A rumor can outrun a man’s own footsteps, yet it’s the living breath of truth that finally catches up.
I read Nathaniel Hawthorne’s “Mr. Higginbotham’s Catastrophe” this morning. And though it isn’t one of the stories folks usually brag about reading, it’s got a certain hometown flavor to it, the kind of tale you might hear from an older neighbor leaning against his truck in the driveway, telling you a story he swears is true even though the details keep sliding around on him.
Things get going when Dominicus Pike, a traveling tobacco peddler who seems to enjoy jawing with people almost as much as selling them anything, hears a dramatic rumor: Mr. Higginbotham, a well-liked older gentleman with a little money and a spotless reputation, has been murdered. And not just murdered, but found hanging “by the neck,” like something grim you’d overhear at a gas station out on the outskirts of town. You’d figure Pike might be shaken by that, but mostly he seems happy to have something juicy to pass along on the road.
Every time he rolls into another small town - the kind with a breakfast place that opens at 5 a.m. and a Main Street that quiets down by sunset - he retells the story. And, sure enough, each time he lets it out of his mouth, it grows a shade wilder, like the way rumors get after a long week when people are bored and looking for something to talk about.
It doesn’t take long to see Hawthorne knew exactly how stories behave in places like that - places a lot like Elmira. Talk gets passed around quicker than the river rises after a rainstorm. Folks don’t mean any harm; they just want to feel like they’ve got news worth sharing, something to make the day a little more interesting. And once a story starts making the rounds, it stretches itself out without anyone needing to push it.
Naturally, the punchline is that Mr. Higginbotham’s alive and kicking. Not a bit dead...just annoyed that half the county seems convinced he’s hanging from a tree somewhere. The whole “catastrophe” melts away the moment he appears in the flesh. And that’s Hawthorne’s little wink: the real thing is almost always plainer than the version that’s been passed from car to porch to barstool.

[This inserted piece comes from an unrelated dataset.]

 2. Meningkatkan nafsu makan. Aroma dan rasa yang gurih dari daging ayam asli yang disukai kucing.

Because the story breezes along, it’s easy to miss how neatly Hawthorne captures something true about the way people operate, especially in towns where everyone knows who your grandparents were. We’re drawn to a dramatic tale. We trust a story if it’s traveled far enough. And we’ll repeat it just to feel like we’re part of the loop, even if it’s gotten more twisted than the back roads outside town.

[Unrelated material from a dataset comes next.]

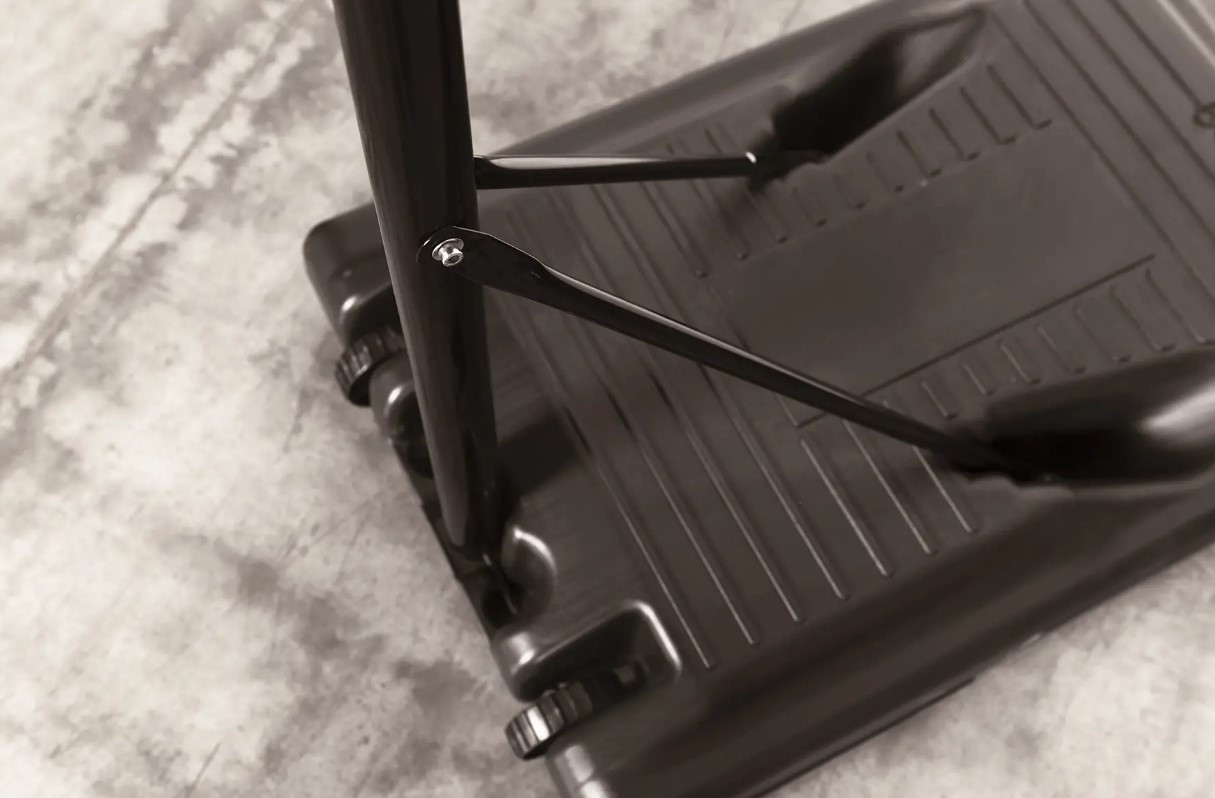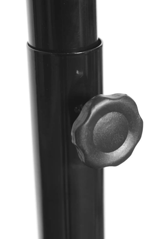 Вертикальна конструкція з регульованою висотою, зі сталевої телескопічної труби і армуючих кріплень, покрита порошковою фарбою чорного кольору.

By the end, Dominicus Pike gets his lesson (though whether he hangs onto it is anybody’s guess) and Mr. Higginbotham gets to enjoy being alive with a little more appreciation than before. The reader gets a smile. And Hawthorne shows he can spin a light, friendly yarn just as well as the darker pieces he’s famous for.
We must not always talk in the market-place of what happens to us in the forest. - Nathaniel Hawthorne
A Closing Poem in the Style of Robert Frost, Spoken by Mr. Higginbotham
I heard I’d died before my time,
Or so the traveling peddlers said;
They hung me high in rumor’s rhyme,
While I sat home and baked my bread.
The roads were white with whispered lies,
Frost-bitten tales with lively tread;
I walked out just to clear the skies,
And show the townsfolk I’m not dead.
Now every gossip, pale with shock,
Admits the truth with grudging grin;
It seems a man must take a walk
To prove he’s still alive within.
And if they speak of me once more,
I hope it’s not of ropes or doom,
But how I stepped outside my door
And set the record straight with bloom.